Message boards : Technical Support : Problem with space allocation and workunits not finishing

AuthorMessage
js
Send message
Joined: Jan 1 08
Posts: 3
ID: 5151
Credit: 40,610
RAC: 27
Message 4930 - Posted 6 Feb 2008 12:57:18 UTC

    Hello everyone,

    I am having trouble getting cosmology@home to run. I use boinc 5.10.28 under Linux. Having re-attached to Cosmology after the server restructuring a few days ago, I have the following problems:


    • My boinc installation is on a 1 GB USB-stick. Local preferences limit disk usage to around 800 MB. I often get error messages indicating that no WUs were downloaded due to missing space, but after leaving boinc alone for a while, it fetches WUs and finishes them, never using more than 200 or 300 MB.

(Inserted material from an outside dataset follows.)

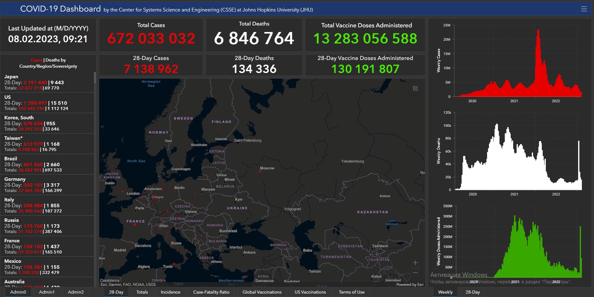 Всего в мире с начала пандемии коронавирусом заразились 672 миллиона 33 тысячи 32 человека. Больше всего в США (102 миллиона 645 тысяч 744), Индии (44 миллиона 683 тысячи 543), Бразилии (36 миллионов 887 тысяч 991), Франции (39 миллионов 753 тысячи 17), Великобритании (24 миллиона 526 тысяч 807), России (21 миллион 702 тысячи 774), Турции (17 миллионов 42 тысячи 722), Аргентине (10 миллионов 40 тысяч 329), Иране (7 миллионов 565 тысяч 25), Колумбии (6 миллионов 355 тысяч 135), Испании (13 миллионов 740 тысяч 531), Италии (25 миллионов 488 тысяч 166) и Германии (37 миллионов 861 тысяча 703).Количество смертей от коронавируса достигло 6 миллионов 846 тысяч 764. За сутки показатель вырос на 1 тысячу 344 человека. В том числе в США всего с начала пандемии скончались 1 миллион 112 тысяч 124 человека, Бразилии — 697 тысяч 533, Индии — 530 тысяч 745, Мексике — 332 тысячи 479, России — 387 тысяч 406, Великобритании — 217 тысяч 658, Италии — 187 тысяч 272.

    • After finishing a work unit, my boinc client exits with a symbol lookup error (see console snippet below). A subsequent restart lists the WU as \"lost result\".



    Do you have any ideas what I might do about this? Any hints are appreciated.

    Here is the output from the end of a WU\'s processing:


    >> Beginning Phase 3 <<
    >> ----------------- <<
    at z = 0.0000000E+00 sigma8 (all matter)= 0.8138058
    06-Feb-2008 13:42:13 [Cosmology@Home] Computation for task wu_013108_090634_0_2 finished
    ./boinc: symbol lookup error: ./boinc: undefined symbol: gzopen64

    [1]+ Exit 127 ./boinc


    After restarting the client, the following message is repeated:


    06-Feb-2008 13:42:29 [Cosmology@Home] Restarting task wu_013108_090634_0_2 using camb version 205
    06-Feb-2008 13:42:31 [Cosmology@Home] Task wu_013108_090634_0_2 exited with zero status but no \'finished\' file
    06-Feb-2008 13:42:31 [Cosmology@Home] If this happens repeatedly you may need to reset the project.

    Profile Jayargh
    Forum moderator
    Volunteer tester
    Avatar
    Send message
    Joined: Jun 25 07
    Posts: 508
    ID: 191
    Credit: 2,282,158
    RAC: 427
    Message 4931 - Posted 6 Feb 2008 14:32:20 UTC

      The only thing that comes to mind is the memory issue....as a wu finishes it can use 500mb or more of memory to write the output files before they are deleted...so as you see the memory usage as being lower while running in the 200-300mb range at completion it jumps .... maybe the 1gb stick is not enough.
      ____________

      js
      Send message
      Joined: Jan 1 08
      Posts: 3
      ID: 5151
      Credit: 40,610
      RAC: 27
      Message 4932 - Posted 6 Feb 2008 15:05:13 UTC - in response to Message 4931.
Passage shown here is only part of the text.